→ About this exercise:
Under this line is a listing; return exactly the lines starting at the one with "禾贝(HOOLBEY)婴幼儿" and running down to the one with "But this bike", and leave out its pictures.

→ Supplied records:

----

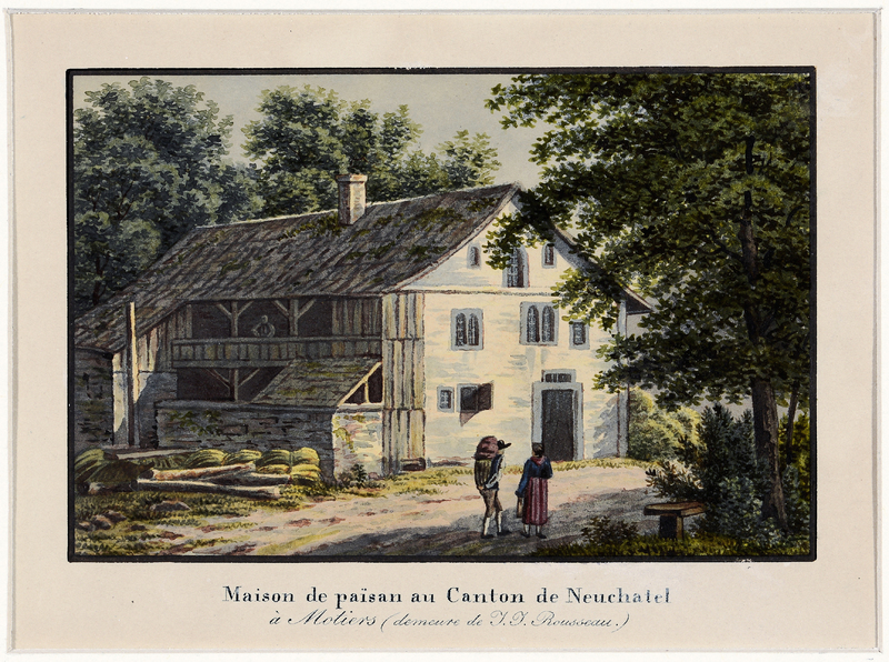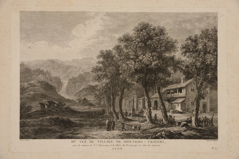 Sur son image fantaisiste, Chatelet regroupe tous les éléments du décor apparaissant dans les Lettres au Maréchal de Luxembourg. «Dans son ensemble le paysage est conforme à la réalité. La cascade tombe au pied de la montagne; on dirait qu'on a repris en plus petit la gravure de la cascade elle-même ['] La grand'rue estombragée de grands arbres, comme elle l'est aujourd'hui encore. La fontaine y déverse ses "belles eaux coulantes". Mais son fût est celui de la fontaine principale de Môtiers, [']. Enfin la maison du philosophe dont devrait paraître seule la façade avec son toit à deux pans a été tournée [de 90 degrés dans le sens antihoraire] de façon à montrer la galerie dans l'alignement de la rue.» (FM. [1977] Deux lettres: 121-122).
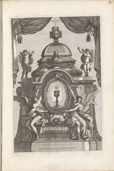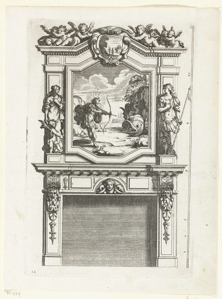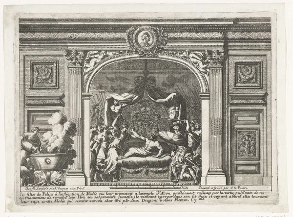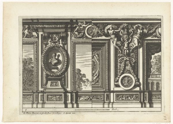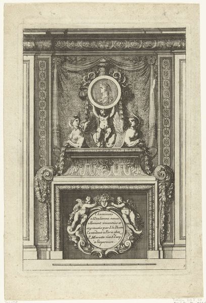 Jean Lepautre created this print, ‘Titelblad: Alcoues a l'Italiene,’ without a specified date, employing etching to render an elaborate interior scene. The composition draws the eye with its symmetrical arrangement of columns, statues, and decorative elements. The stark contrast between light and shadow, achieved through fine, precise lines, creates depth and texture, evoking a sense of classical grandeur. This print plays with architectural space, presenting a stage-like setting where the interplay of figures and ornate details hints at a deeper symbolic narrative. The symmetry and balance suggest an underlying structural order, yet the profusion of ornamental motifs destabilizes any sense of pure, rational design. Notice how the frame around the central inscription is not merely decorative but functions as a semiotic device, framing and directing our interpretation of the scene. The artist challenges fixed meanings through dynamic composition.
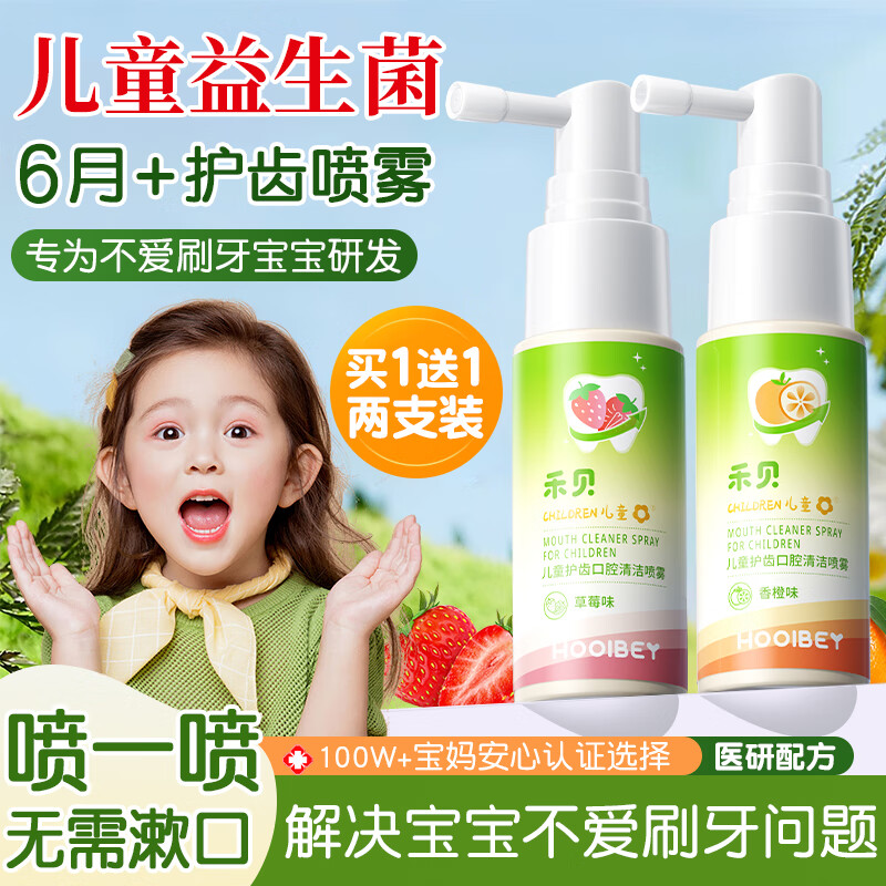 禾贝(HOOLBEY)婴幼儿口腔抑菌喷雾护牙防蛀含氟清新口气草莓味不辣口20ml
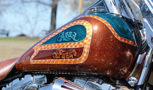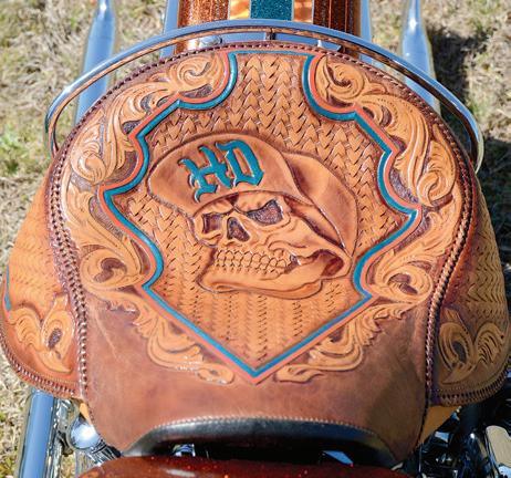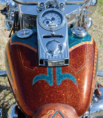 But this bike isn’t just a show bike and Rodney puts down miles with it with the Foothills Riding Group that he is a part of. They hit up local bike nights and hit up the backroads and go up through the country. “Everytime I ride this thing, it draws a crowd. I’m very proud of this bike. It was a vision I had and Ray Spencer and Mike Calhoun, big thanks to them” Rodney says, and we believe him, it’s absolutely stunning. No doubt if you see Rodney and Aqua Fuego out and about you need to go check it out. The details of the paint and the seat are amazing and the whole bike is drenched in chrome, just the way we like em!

----

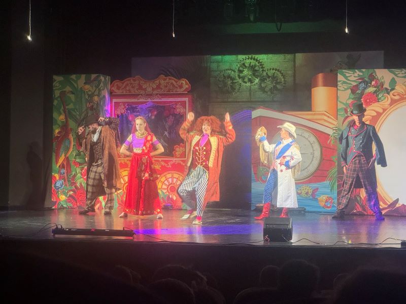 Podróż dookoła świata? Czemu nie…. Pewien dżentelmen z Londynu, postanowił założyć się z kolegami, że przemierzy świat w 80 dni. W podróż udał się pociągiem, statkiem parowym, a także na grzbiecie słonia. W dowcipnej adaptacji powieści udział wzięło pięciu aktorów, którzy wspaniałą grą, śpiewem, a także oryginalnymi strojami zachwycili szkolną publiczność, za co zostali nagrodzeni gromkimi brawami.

----

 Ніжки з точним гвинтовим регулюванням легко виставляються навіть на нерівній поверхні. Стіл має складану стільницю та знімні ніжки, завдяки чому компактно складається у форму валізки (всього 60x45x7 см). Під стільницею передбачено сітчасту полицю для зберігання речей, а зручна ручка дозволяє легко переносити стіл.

----

→ Exercise response:
 禾贝(HOOLBEY)婴幼儿口腔抑菌喷雾护牙防蛀含氟清新口气草莓味不辣口20ml
 But this bike isn’t just a show bike and Rodney puts down miles with it with the Foothills Riding Group that he is a part of. They hit up local bike nights and hit up the backroads and go up through the country. “Everytime I ride this thing, it draws a crowd. I’m very proud of this bike. It was a vision I had and Ray Spencer and Mike Calhoun, big thanks to them” Rodney says, and we believe him, it’s absolutely stunning. No doubt if you see Rodney and Aqua Fuego out and about you need to go check it out. The details of the paint and the seat are amazing and the whole bike is drenched in chrome, just the way we like em!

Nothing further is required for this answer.